I myself am learning the mini nuc operation too.
Regarding your Q's here are some steps I have done with my test mini batch (in progress as we speak and seems to be working):

1. I shook the bees into the minis and added the QCs at once. 
Technically, placed the QC(s) into the nuc first.
Then dumped the bees in.
Then closed the nuc up and called it done.

2. The age of the larva inside the QCs was nominally Day 11 when moved. Worked for me.

3. My minis are placed on a stand just 10 feet away from the QC source hive.
Once I completed the step #1 above I left the nucs in place and made no other moves. 
This is where they are now still.
OK - the details - I simply taped the entrances with painter's tape, made two knife slits (see pic) and let them chew their way out (which takes 2-4 days; sometimes needs help).
That's the period of isolation.
I can afford to tape them shut because the nucs have ventilated bottoms and food/water provided inside.
The nucs are in shade and the foam provides excellent micro-climate so I don't bother with the basement storage (extra QC shaking I'd rather avoid).


----------



## GregB (Dec 26, 2017)

Clayton Huestis said:


> Why do you guys prefer mini matinging nucs vs quads or 2-3 frame queen castles that can be over wintered at end of season?


My case:

Foam minis are superior in that a cup of bees is all that required to maintain it - so you don't pull much bee-force away from other important things.
I don't plan to winter anything that small - so does not matter.
Equipment (the foam boxes) are free and almost ready to use in the local recycling bin (takes few knife cuts and a little tape and done).
Why buy foam boxes - is kind of a mystery to me.

I also plan to have a stand-by mini every time I make a regular split - if any extra QC is available - it is trivial to plug it into a mini on-the-spot, dump a handful of bees inside and mate the extra queen for redundancy/spare queen.
No planning/preparation is needed - just a couple of empty and ready mini nucs laying inside a car.


----------



## GregB (Dec 26, 2017)

Bee shaking "equipment" I am using - works great.


----------



## Clayton Huestis (Jan 6, 2013)

> Foam minis are superior in that a cup of bees is all that required to maintain it - so you don't pull much bee-force away from other important things.
> I don't plan to winter anything that small - so does not matter.
> Equipment (the foam boxes) are free and almost ready to use in the local recycling bin (takes few knife cuts and a little tape and done).
> Why buy foam boxes - is kind of a mystery to me.

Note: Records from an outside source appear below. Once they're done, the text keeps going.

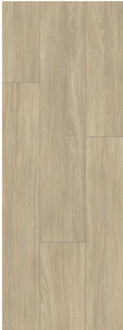
SANDY OAK 181x1220mm
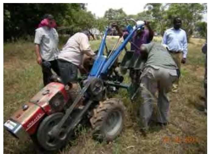
Field adjustments on the Intermech/Morrison drill

There were 15 delegates at the Kenyan module, and 12 at the Tanzanian component. At both trainings those with previous experience with 2WT operation were the most knowledgeable, asking many questions. On days two and three there were plenty of questions and much discussion on the maintenance and operation of these farm implements.
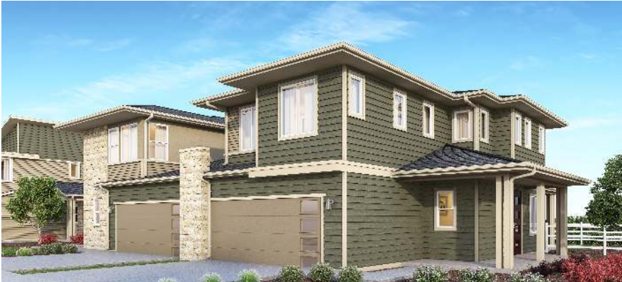
*This is an artist rendering and color/elevation may change per building. See Sales Associate for more information.
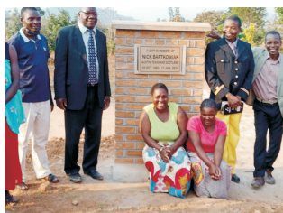
Joyous faces (above) to mark the community handover of Nthale borehole.
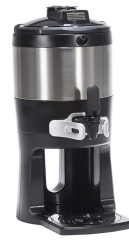
TF SERVER, 1G DSG GEN3
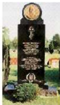
1981 - May 2 - Blessing Of Cemetery Monument
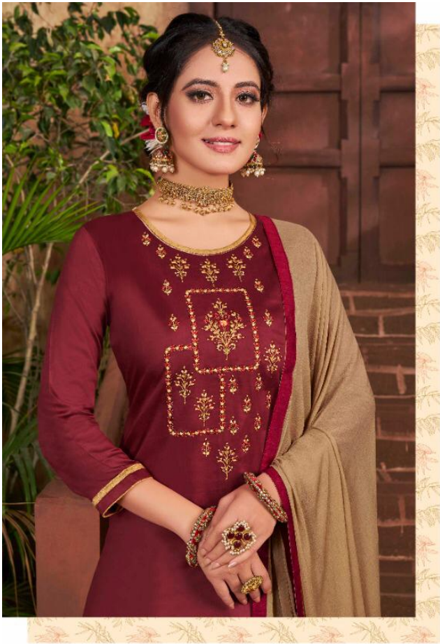
D. NO. -1161
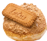
DONUT BISCOFF ฿95
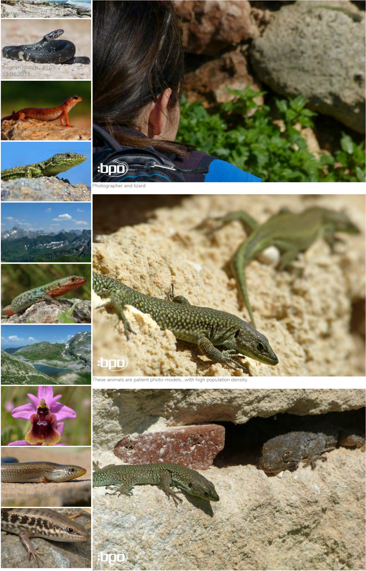
Teira - Tarentola flat-sharing community...
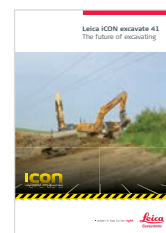
Leica iCON excavate 41 Brochure
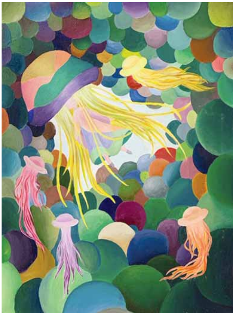
A Tranquil Dream
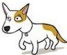
Moving in Slow Motion walking slow on floor
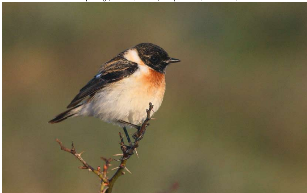
263 Caspian Stonechat / Kaspische Roodborsttapuit Saxicola maurus hemprichii , second calendar-year male, Morups Tånge, Halland, Sweden, 16 April 2014
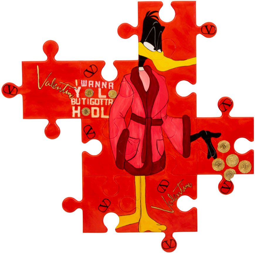
Cripto Couture 2023/2024 Wood and acrylic 120 x 90 x 1.5 cm
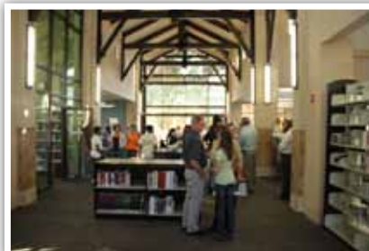
Eastside Branch Library Grand Opening
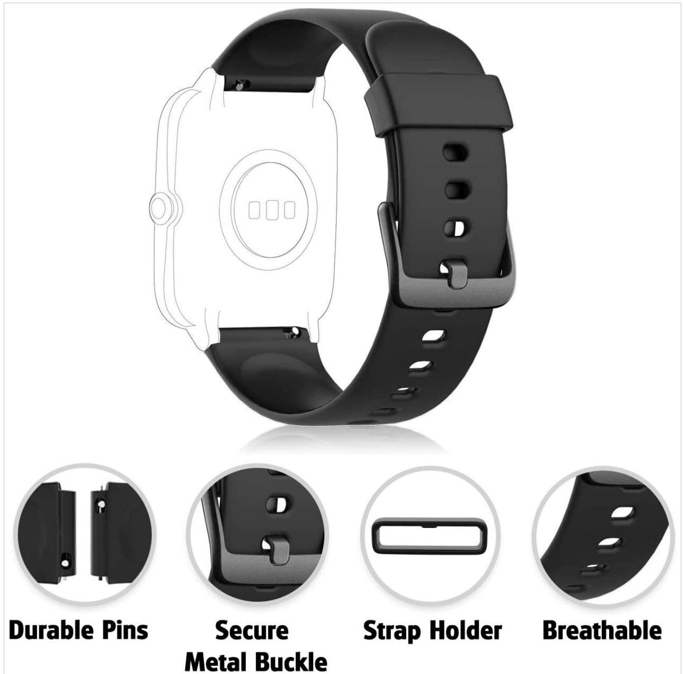
Image: A detailed view highlighting the band's construction, including durable pins for secure attachment, a robust metal buckle for reliable fastening, a strap holder to keep excess band neatly tucked, and a breathable design for comfort.

Once installed, the ZURURU silicone band offers a comfortable and secure fit for daily wear. Its design incorporates features for enhanced user experience.
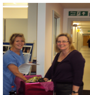
Visitors having a lucky dip!

Greg. Makes sense and free is nice which appeals to my senses. BUT.....the fact that they are not sustainable is where it loses favor for me. Mike Palmer/ Kirk Websters method of over wintering mating nucs just has more of an appeal. Which is the way I do it for years now. Once the nucs are stocked there good to go over and over year after year. Of course you get failed matings and dead outs but thats just beekeeping. I get the concept I'm just not sure I would say its superior.


----------



## GregB (Dec 26, 2017)

Clayton Huestis said:


> Greg. Makes sense and free is nice which appeals to my senses. BUT.....*the fact that they are not sustainable is where it loses favor for me.* Mike Palmer/ Kirk Websters method of over wintering mating nucs just has more of an appeal. Which is the way I do it for years now. *Once the nucs are stocked there good to go over and over year after year.* Of course you get failed matings and dead outs but thats just beekeeping. I get the concept I'm just not sure I would say its superior.


Superior I meant exactly as in:


> superior in that a cup of bees is all that required to maintain it


Takes a cup of bees to properly condition the mini foam hive. 
That is all I stated.

I think there is this perception of the bees chewing through foam, cardboard and similar soft materials.
I say - non-sense.
It really depends on a particular usage.
I kept bees in computer boxes in summer - not a problem, as long as you don't let them overgrow the box.
Now foam - I don't see a problem.

Actually, I pretty darn sure my foam nucs will go year after year after year (meaning the foam equipment itself; not the bees).
Contrary to a popular belief, bees will not really chew the foam nucs as long as you keep the population size proper and the bees don't feel tight and there is proper ventilation built-in (rigid, shipping grade foam, to be sure - not soft foam).

Besides I have many more spares (now I might just go and raid the recycling center for more of these).
And btw, minor repair of the foam boxes is trivial too. 
The minor holes are plugged with the same foam plugs and taped over (OR just taped over).
The major repair ~ just recycle the box back in and done.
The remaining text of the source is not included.